「最近、もの忘れが多くなった」と記憶力(アタマのメモリー機能)の衰えに悩む人、「めっきり覚えが悪くなった」と学習力(アタマの認識機能)の減退におびえる人、あなただけではないですよ。
脳の神経細胞の数は生まれたときが一番多く、傷つけば新しく再生する他の組織の細胞と異なり、再生させることが難しいのが現実です。結果、脳の神経細胞数は歳とともに減っていく一方。ハタチを過ぎると一日に10万個減っていくとも言われています。なのに、世の中生きてくためには、覚えなくちゃならないことはいっぱい。そりゃ、一部のことは忘れる、一部のことはアタマに入らない……というのも仕方ないのかも。「昨日の夜、何を食べたっけ?」程度のことなら、ゆるしてあげましょう。日常体験の一部を忘れる(かつ自覚している)という「もの忘れ」、人生体験で大切なことを蓄積しておくには避けようがないのでしょうから。

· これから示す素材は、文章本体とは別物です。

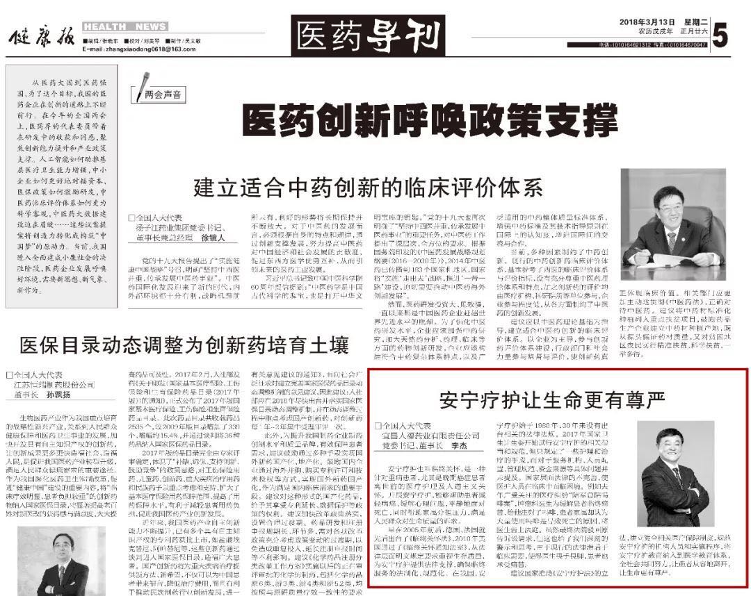 如何更好地实施临终关怀,帮助病人减少临终前的痛苦?全国人大代表,HJC黄金城集团股份公司总裁,宜昌人福药业有限责任公司党委书记、董事长李杰建议推动《安宁疗护法》立法,进一步规范安宁疗护的标准和管理制度,帮助病人有质量有尊严地度过生命的最后时光。该建议受到媒体积极关注,并先后在中国新闻网、《健康报》登出。
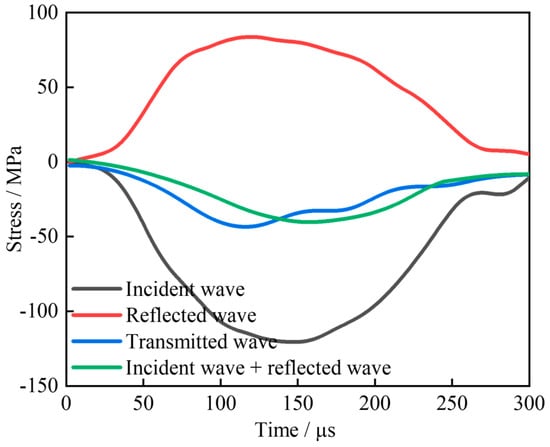 The stress uniformity of the specimen during loading is a prerequisite for the validity of the test [32]. The strain–time course curve under typical impact air pressure is selected for balance verification, as shown in Figure 5. The sum of the strain signals from the incident wave and reflected wave overlaps well with the transmitted wave strain signals, demonstrating that the specimen is dynamically balanced at both ends [33]. This observation suggests that the experimental results are valid.
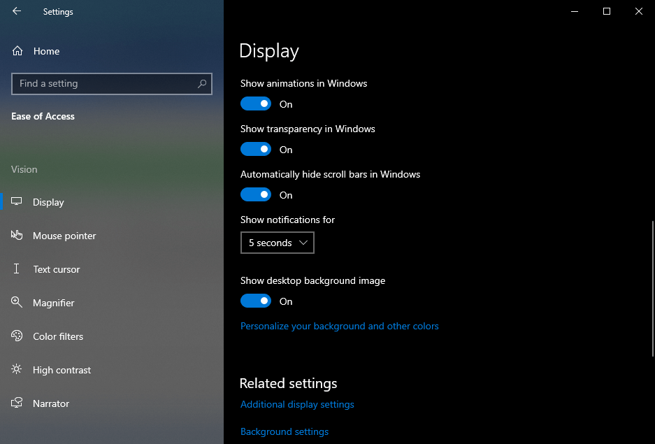 - FrånVisa aviseringar förrullgardinsmenyn, välj5 sekunder
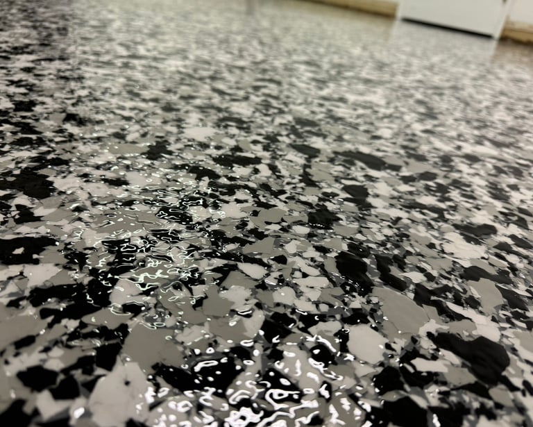 Los pisos con acabado flake combinan diseño decorativo y alta funcionalidad. Están compuestos por hojuelas de vinilo, acrílico o poliéster que se esparcen sobre una base de resina epóxica o poliuretano, creando un acabado atractivo, duradero y antideslizante.
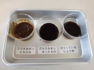 最後に、①もろ味②もろ味をしぼったもの③売っているしょうゆの味見をしました。

しかしながら、脳はあらゆる器官の情報処理と精神活動をつかさどっているという事実があります。アタマの健康を保てなくては、カラダの健康は維持できません。
脳は、神経細胞を正しく働かせるためにたくさんのエネルギーを求めます。必要なエネルギーは、酸素とブドウ糖を消費して得ます。適度な運動と正しい食事を心がければ、エネルギー産生に必要な酸素とブドウ糖が補給され、アタマの健康が保たれます。
アタマの健康と食生活の深い関係については、多くの発表があります。そのほとんどが、水分補給を基本に、抗酸化作用のある果物や野菜をよく摂り、肉より魚を多く摂りましょう、というものです。その一つに、抗酸化成分を含むクランベリージュースがブレインヘルスに寄与する、とした報告があります*1。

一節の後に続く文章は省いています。